Bananas are piling up in seaports due to shortages of containers and carton boxes; vehicle parts manufacturers are missing their service level agreements due to late arrival of consignments at the assembly plants; and emerging e-commerce micro-enterprises are struggling as they face increasing transportation costs.

COVID-19 is reshaping global supply chains

Behind the statistics and the headlines, there are people. Stretched supply chains threaten job stability, downsize business expansion plans, reduce investment, and undermine government tax revenues in the very countries that can least afford to cushion the blow by supporting the private sector through to recovery.


We can counter this disruption by increasing our efforts to cut the unnecessary delays and red tape at borders that continues to cause frustration, generate unnecessary costs and affect livelihoods. What used to be considered an inconvenience, or the cost of doing business, risks terminally damaging developing nations competitiveness in supply chains.

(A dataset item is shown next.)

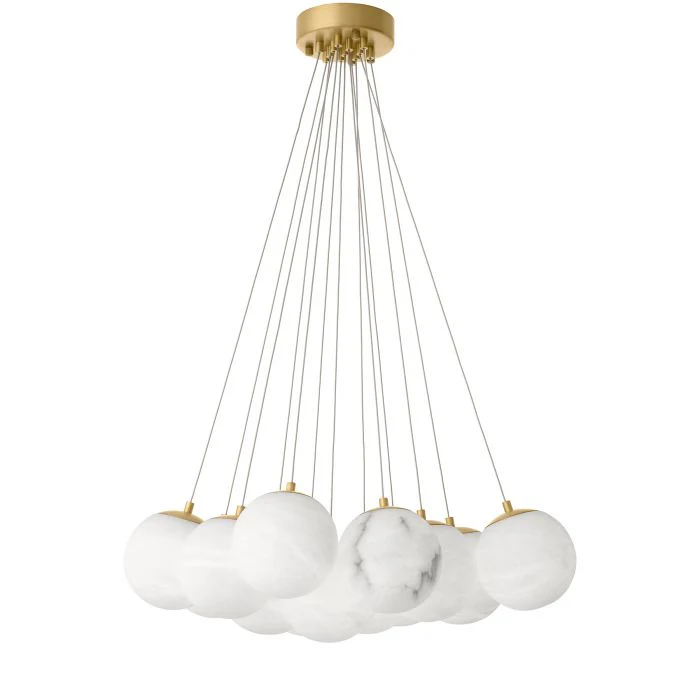Upplysande, som månen på en klar natt, förtrollar underbara taklampan Sphinx med sin eleganta komposition av slät alabaster (en kalkrik sten som släpper igenom ljus på ett mycket härligt sätt) och antik mässingfinish. Alabaster är ett naturmaterial där varje stycke skiljer sig i färg, opacitet och ådring. Trådarna är justerbara så olika kompositioner kan skapas. Som en essentiell del skapar Sphinx en harmonisk glöd i vilket utrymme som helst.

But a crisis can also be a catalyst for change and the sheer scale of this pandemic presents an unprecedented opportunity for reform. Large enterprises, realising the fragility of their production processes, are scrambling to rethink their operations. Boardroom executives are considering spreading risk among multiple production plants, multiplying component suppliers, shortening the distances between production and assembly facilities, and bringing their manufacturing closer to their customers.